ABN Amro, Holland Casino, ASML and – closer to home – Saxion all use these sustainable eyecatchers: walls plastered with textile fibres. Kathrin Vulic, R&D specialist and responsible for Denimtex’s growth: “Bas’ idea was converted into a product after lab research by students from Saxion and R&D managers. The first walls were made of old jeans. We now make products from all kinds of fabrics: silk, polyester, cotton; all fibres are suitable. We work together with Het Frankenhuis (textile recycling) from Haaksbergen, so our raw materials come from nearby.”

Denimtex mixes fibres with a specially developed biodegradable adhesive. “We deliver a high-quality product”, says Kathrin. “It is fire retardant, insulating, moisture regulating and sound dampening.
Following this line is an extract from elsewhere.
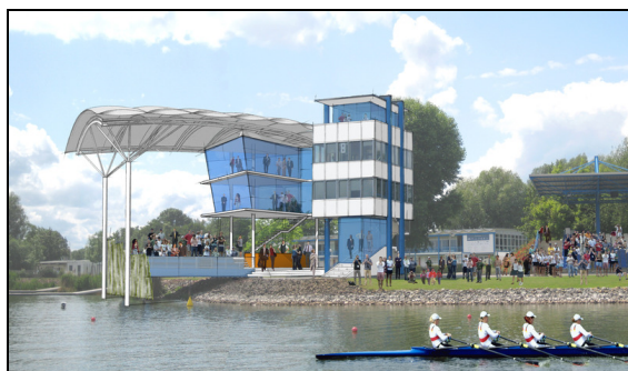
This is how the new double finish tower will look like: a successful combination of the historical structure with modern architecture.

organisers. The two parts of the building will be connected on the individual floors. In addition, all rooms will be equipped with state-of-the-art air-conditioning in order to provide a pleasant environment in which to work in, particularly during the summer months. A modern roof structure will also span across the VIP stand.

It is also completely circular. If you scrape the substance off the wall, you will be able to apply it to another wall or process it into pigment for paint, for example.”

Trend colours

Denimtex keeps innovating. Kathrin works on product development, among other things. She has developed other textures and trend colours, for example, as well as wallpaper made from fibres and soon even paint. “We are now working on a way to get only the dry fibres into a bucket. The user only has to add water then. This makes a huge difference in kilos and therefore in transport costs.  A bucket of material (wet plaster) now weighs about 13 kilos, which can be reduced considerably.”

The company from Enschede is still only active in the B2B market. “But it would be great if people can buy our products at Ikea in a few years, to make their homes more beautiful in a sustainable way.” Kathrin is responsible for the financial growth at Denimtex, as well as the growth of the team. She manages the craftsmen and meets architects throughout the country to further put the product on the map.

Tommy Jeans

The team is busy enough for now, however. Four people travel the country to put plaster on walls at other companies. Companies from Dubai and London are interested as well, and branches of Tommy Jeans worldwide have been decorated with textile fibre wallpaper developed by Denimtex. “Sustainability is gaining more and more attention worldwide, and entrepreneurs need to contribute. Our products are very suitable for this. It’s great to be working on this every day”, says Kathrin.

Social contribution

It takes an hour and a half to produce enough textile plaster to cover one square metre. “The fibres must be picked out and mixed. We are still doing this ourselves, but we are in the process of entering into a partnership with a local organisation that guides people with poor job prospects. This means we will not only contribute to a circular economy but to society as well. We will continue to develop, although our customers are already very satisfied. Not only because of the appearance and circular aspect but also because of the acoustics; this improves significantly after one or more walls are decorated. Our textile plaster brings us a lot closer to the one hundred per cent circular economy that we want to achieve by 2050.”